5.5 Plausibility of the model
In order to check the plausibility of the new developed model, we use the Chi-square test of goodness of fit. Let \({\overset{\lower0.5em\hbox{$\smash{\scriptscriptstyle\frown}$}}{n} _{jk}}\), \({\overset{\lower0.5em\hbox{$\smash{\scriptscriptstyle\frown}$}}{n} _{kj}}\)and \({\overset{\lower0.5em\hbox{$\smash{\scriptscriptstyle\frown}$}}{n} _{0.jk}}\)denote the expected frequencies that can be obtained as \({\overset{\lower0.5em\hbox{$\smash{\scriptscriptstyle\frown}$}}{n} _{jk}}={n_{jk}}{\theta _{j.jk}}\), \({\overset{\lower0.5em\hbox{$\smash{\scriptscriptstyle\frown}$}}{n} _{kj}}={n_{kj}}{\theta _{k.kj}}\) and \({\overset{\lower0.5em\hbox{$\smash{\scriptscriptstyle\frown}$}}{n} _{o.jk}}={n_{o.jk}}{\theta _{o.jk}}\), where \({\theta _{j.jk}}\), \({\theta _{k.jk}}\)and \({\theta _{o.jk}}\) are defined in (5), (6) and (7), respectively. We define the following hypotheses.

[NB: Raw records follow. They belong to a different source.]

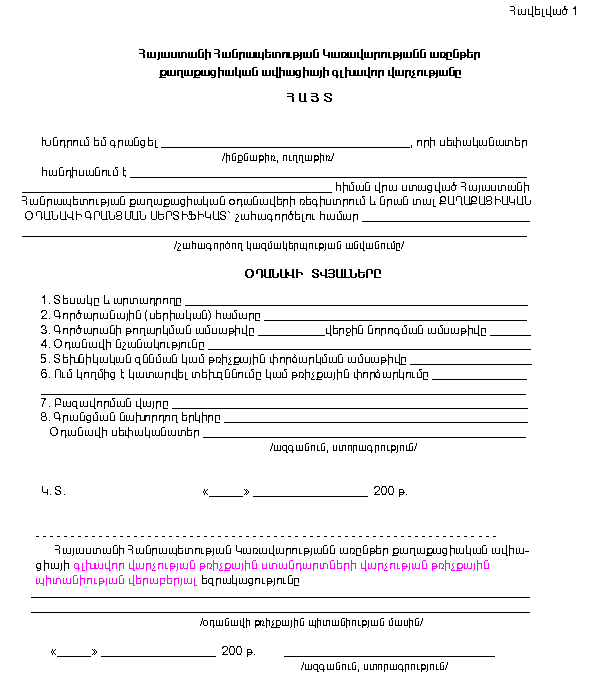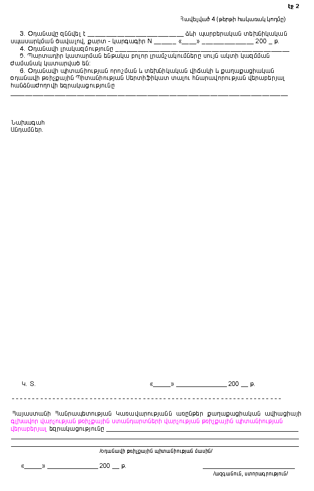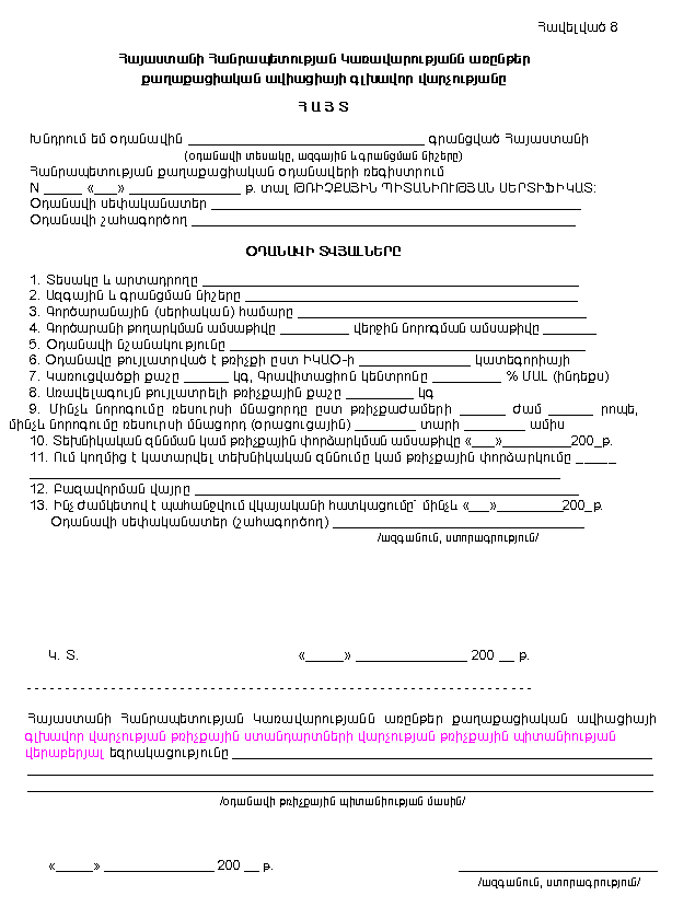 ՕԴԱՆԱՎԻ ԹՌԻՉՔԻ ԹՈՒՅԼՏՎՈՒԹՅՈՒՆ 1. գրանցման նիշերը Nationality and registration marks .................................... 2 օդանավի նշագրումը Manufacturer, manufacturer's designation of aircraft ........................................................................................ ........................................................................................ 3. սերիայի համարը Aircraft serial number .................................... 4. Թույլտվության բովանդակությունը .................................................................................................................. ................................................................................................................................................................................... The permit covers .................................................................................................................................................. ................................................................................................................................................................................... 5. Սահմանափակումներ/Նշումներ Limitation/ Remarks Սույնով ՀՀ կառավարությանն առընթեր քաղաքացիական ավիացիայի գլխավոր վարչությունը ՔԱԳՎ պետի 2004 թվականի դեկտեմբերի 9-ի N 192-Ն հրամանի համաձայն թույլ է տալիս տվյալ ինքնաթիռի ներքոհիշյալ հատուկ պայմաններով թռիչքը ՀՀ օդային տարածքում: Սույն թույլտվությունը գործում է նաև այլ երկրների օդային տարածքներում թռիչքներ իրականացնելու նպատակով՝ տվյալ երկրների համապատասխան մարմինների կողմից լրացուցիչ թույլտվության առկայության պայմանով: The General department of civil aviation at the government of the Republic of Armenia granted by virtue of the Order No. 192-Ն hereby permit noted aircraft to fly within the airspace of the Republic of Armenia. This permit is also valid for flight within other States provided separate approval is obtained from the competent authorities of such States. Թռիչքների անվտանգության տեսչական վարչության պետ Director Flight Safety Inspection Department ........................................................................... (Ստորագրություն, Ազգանուն) (Signature, Name)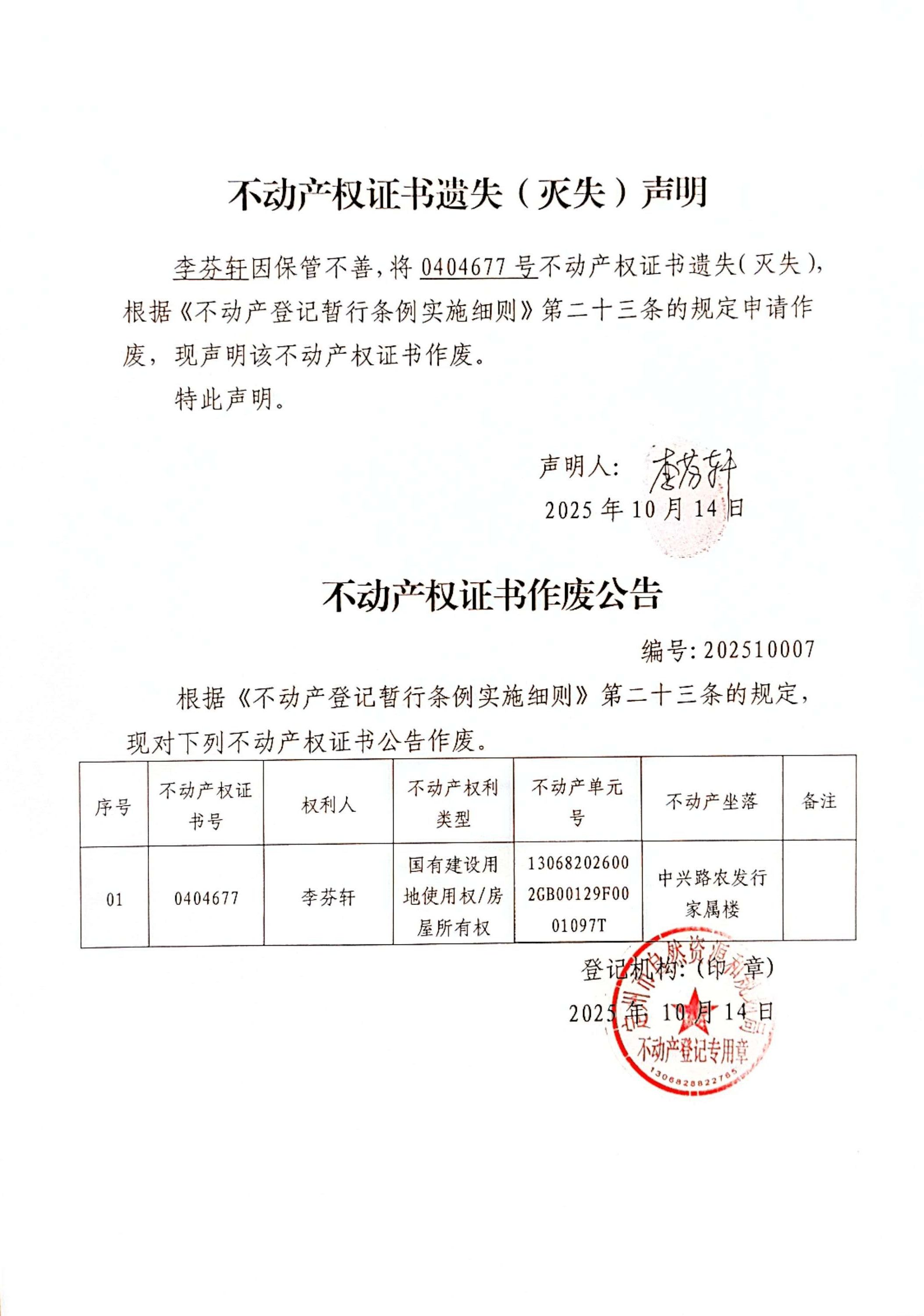 不動產(chǎn)權(quán)證書遺失(滅失)聲明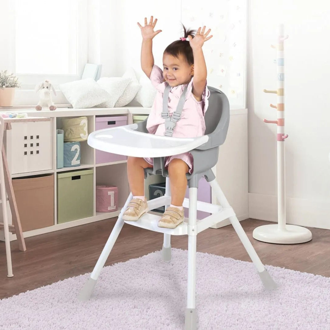 Dolu Emniyet Kemerli Mama Sandalyesi Gri Beyaz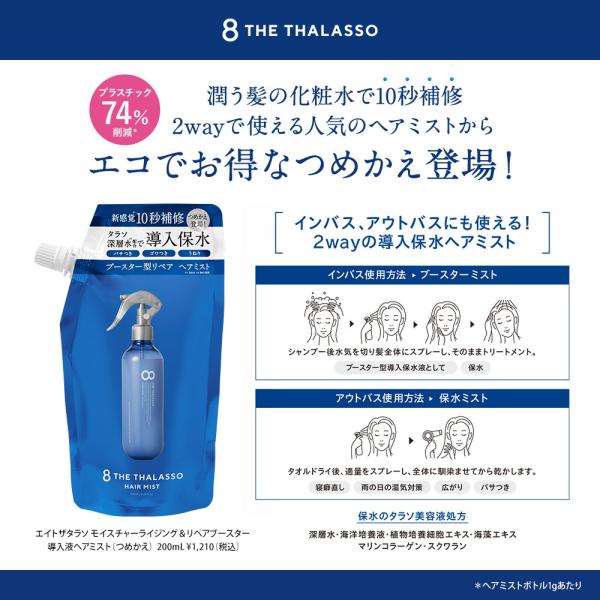 ヘアミスト 詰め替え 2点セット エイトザタラソ 8 THE THALASSO モイスチャーライジング&リペアブースター 導入液 ヘアケア 寝癖直し 200ml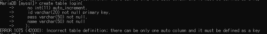 테이블을 만들고 auto 넣으려고 했는데 오류가 뜬다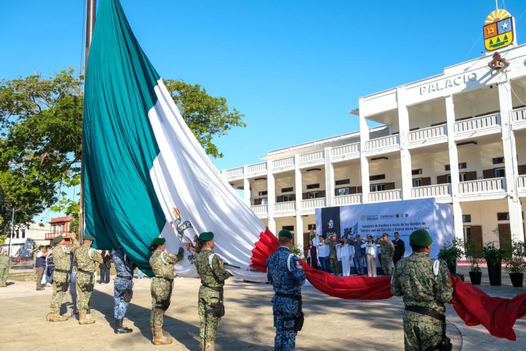 CHETUMAL.- Con el izamiento de la Bandera Nacional en la explanada de Palacio de Gobierno, en la capital del estado, la gobernadora Mara Lezama Espinosa encabezó el inicio oficial de los festejos de “Febrero, mes del Ejército y Fuerza Aérea Mexicanos”, una conmemoración que contempla actividades cívicas, culturales, deportivas y de proximidad social en la entidad.
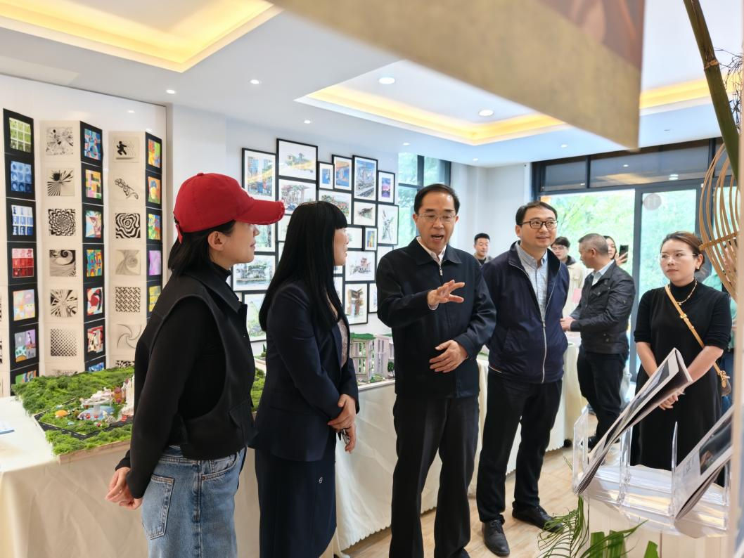 校党委书记战勇、校党委副书记彭洁、副校长肖小虹、教务处处长徐艺以及校团委书记杨兆瑞一行共同参观了本次展览在创业园的第二展厅。校领导们驻足细看各项学生作品,与学生亲切交流创作理念。战勇书记寄语学子:“设计不仅是艺术表达,更是解决问题的钥匙。希望同学们夯实专业根基,以创新驱动实践,让作品从展厅走向社会,为城市发展、乡村振兴创造真实价值,进一步促进成果转化。”
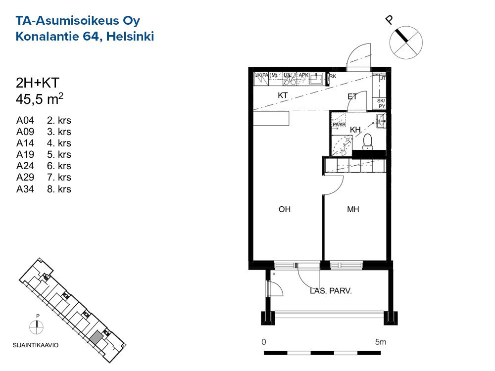 C 74 2h+kt 45,5 m² 5/8 Kerrostalo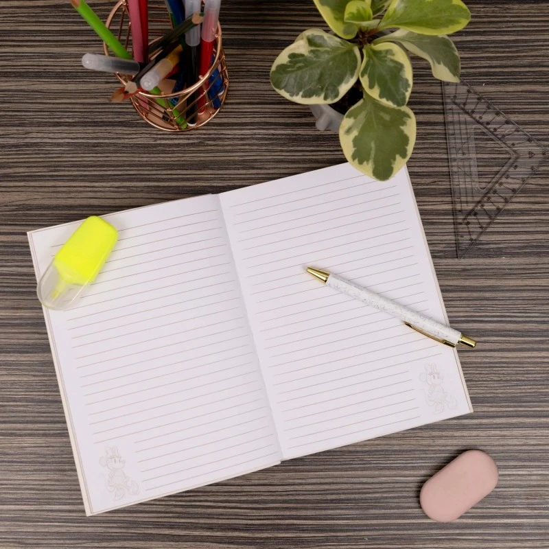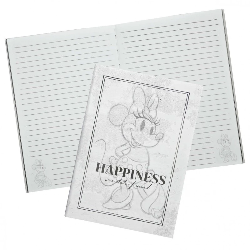 Este cuaderno de Minnie Mouse pertenece a la colección Disney 100 Aniversario y se compone de 80 hojas de tamaño A5 fabricadas en papel FSC de 80 g/m² con plata/oro rosa en el lateral.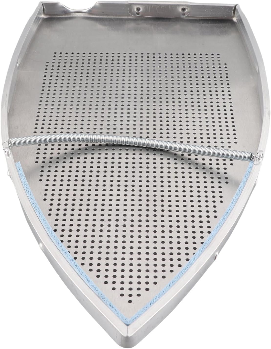 Image 1.1: Top view of the Jwthee Iron Shoe Cover, showcasing its perforated surface and spring mechanism. This cover is designed to protect both fabrics and the iron's soleplate.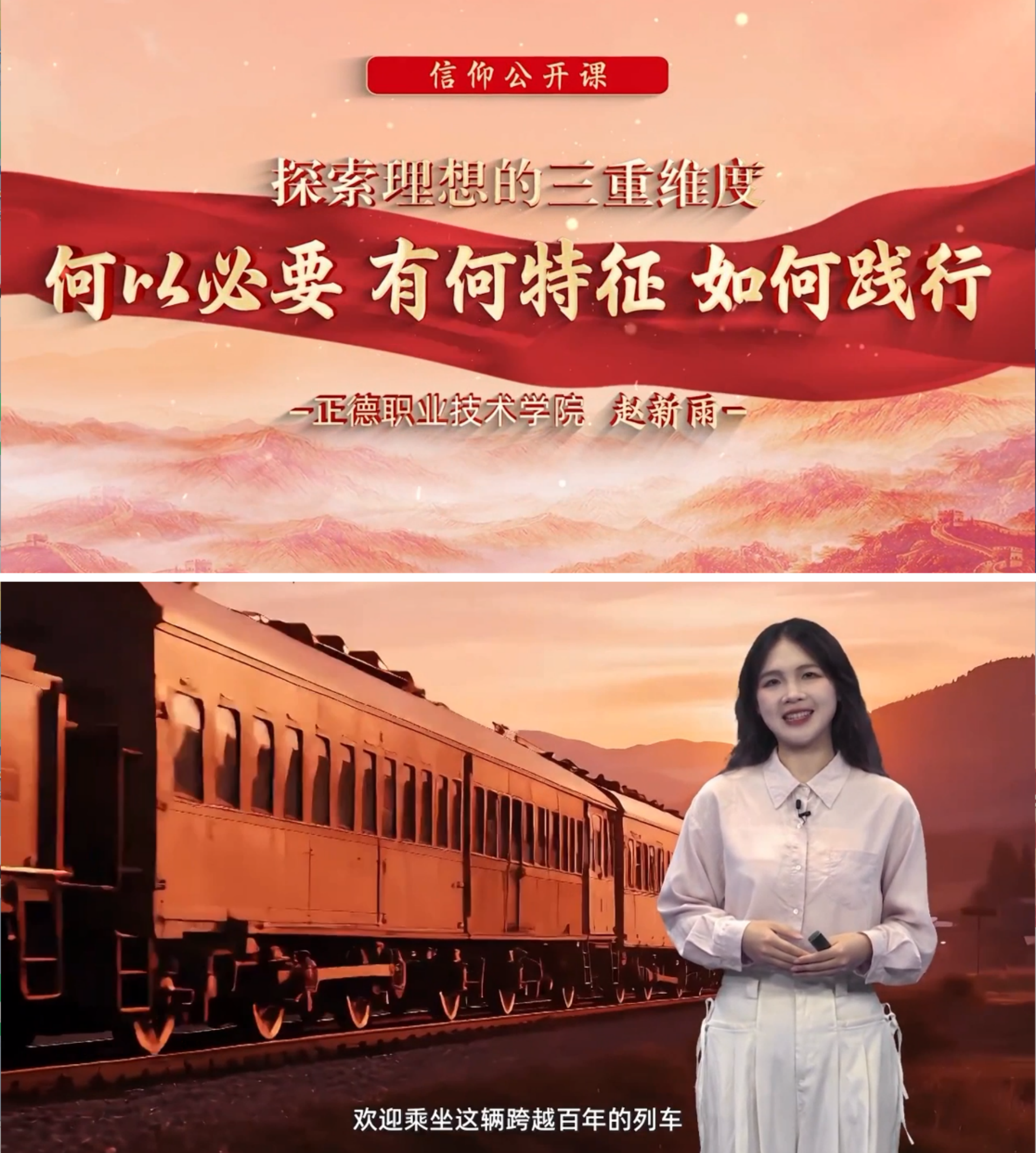 这节课由我院青年讲师团成员、思政教研部教师赵新雨主讲。课程以“探索理想的三重维度——何以必要、有何特征、如何践行”为核心主题,紧密结合历史与现实,生动且深刻地阐述了理想在不同时代背景下的重要意义、鲜明特征以及践行路径。赵新雨老师以“理想探索号”列车为线索,带领大家穿越觉醒年代、拼搏年代、幸福年代,用丰富的历史案例和鲜活的时代榜样,让团员和青年们深刻领悟到,理想不仅是个人奋斗的灯塔,更是民族复兴的强大动力,在社会主义中国,个人理想与国家命运紧密相连、休戚与共。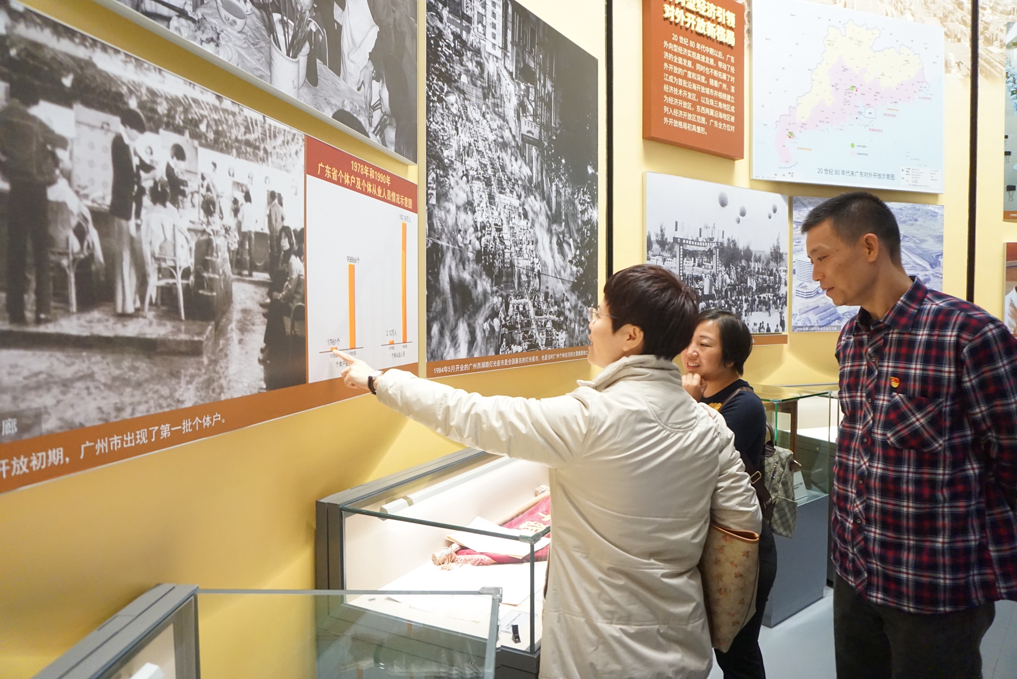 在深圳改革開放展館內(nèi),甄雪英帶領(lǐng)黨員干部首先觀看了《大潮起珠江》短片,結(jié)合翔實(shí)的圖文資料和現(xiàn)場(chǎng)展品,回顧了1978年至2018年以來廣東波瀾壯闊的改革開放歷程。甄雪英來到“積極培育市場(chǎng)體系”“大力發(fā)展個(gè)體經(jīng)營(yíng)”展廳時(shí),駐足端詳“20世紀(jì)80年代中期,廣東逐步推進(jìn)金融、勞務(wù)、人才、房地產(chǎn)、科技和信息等要素市場(chǎng)的發(fā)展和成長(zhǎng)”“ 20世紀(jì)80年代后,廣東逐步放開對(duì)承包方法和經(jīng)營(yíng)方式的限制,推動(dòng)個(gè)體及公有制經(jīng)濟(jì)成分的發(fā)展,為社會(huì)經(jīng)濟(jì)發(fā)展注入活力”“1978年和1990年廣東省個(gè)體戶和個(gè)體從業(yè)人員情況示意圖”等,感觸頗深,并結(jié)合當(dāng)前市場(chǎng)監(jiān)管服務(wù)職能,現(xiàn)場(chǎng)向黨員們講授黨課。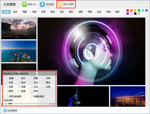 你还可以自定义设置桌面壁纸。点击左下角自动换壁纸,就可以自定义选择壁纸类别,并且选择自动切换的时间,那么在你自己不操作的情况下,就可以随时随心切换壁纸。如果你喜欢用自己拍的照片设置成桌面壁纸,你也可以点击自定义壁纸,添加电脑本地的照片来设置壁纸。人生壁纸会给你私人定制般的待遇。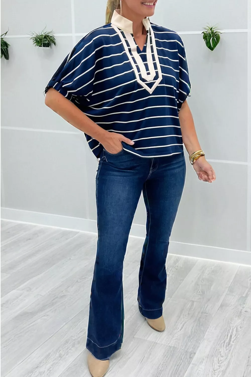 Stripe Stand Collar V Neck Elastic Cuffs Half Sleeve Dolman Top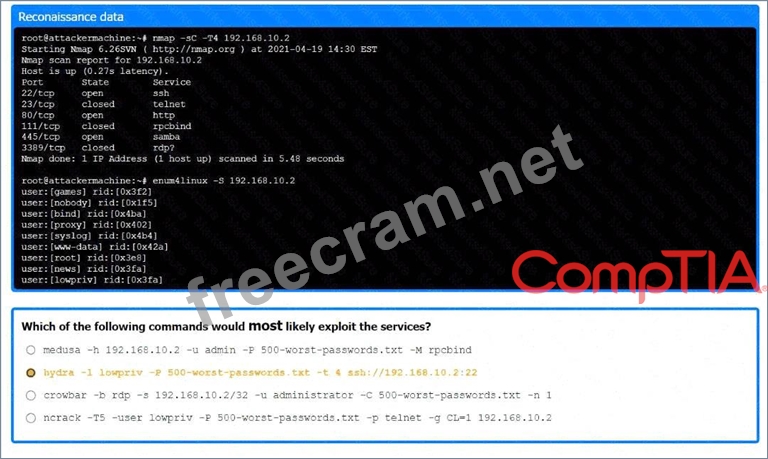 hydra -l lowpriv -P 500-worst-passwords.txt -t 4 ssh://192.168.10.2:22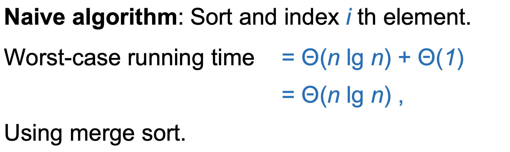 정렬을 하면 모든 순서 통계량을 에 구할 수 있지만, 특정 하나의 순서 통계량만 필요하다면 정렬 없이도 더 빠르게 구할 수 있다. 이 글에서는 그 방법을 살펴본다.

\({\chi ^2}=\sum\limits_{{j<k}}^{5} {\left[ {\frac{{{{\left\{ {{n_{jk}} - {{\overset{\lower0.5em\hbox{$\smash{\scriptscriptstyle\frown}$}}{n} }_{jk}}} \right\}}^2}}}{{{{\overset{\lower0.5em\hbox{$\smash{\scriptscriptstyle\frown}$}}{n} }_{jk}}}}+\frac{{{{\left\{ {{n_{kj}} - {{\overset{\lower0.5em\hbox{$\smash{\scriptscriptstyle\frown}$}}{n} }_{kj}}} \right\}}^2}}}{{{{\overset{\lower0.5em\hbox{$\smash{\scriptscriptstyle\frown}$}}{n} }_{kj}}}}+\frac{{{{\left\{ {{n_{o.jk}} - {{\overset{\lower0.5em\hbox{$\smash{\scriptscriptstyle\frown}$}}{n} }_{ojk}}} \right\}}^2}}}{{{{\overset{\lower0.5em\hbox{$\smash{\scriptscriptstyle\frown}$}}{n} }_{o.jk}}}}} \right]}\) with degrees of freedom, \(m(m - 2)\).
The obtained value of the Chi Square statistic for the Extended Weibull PC model is 7.227, with p-value is 0.94946. So according to decision rule, we conclude that the model under study is plausible and fit for the PC data.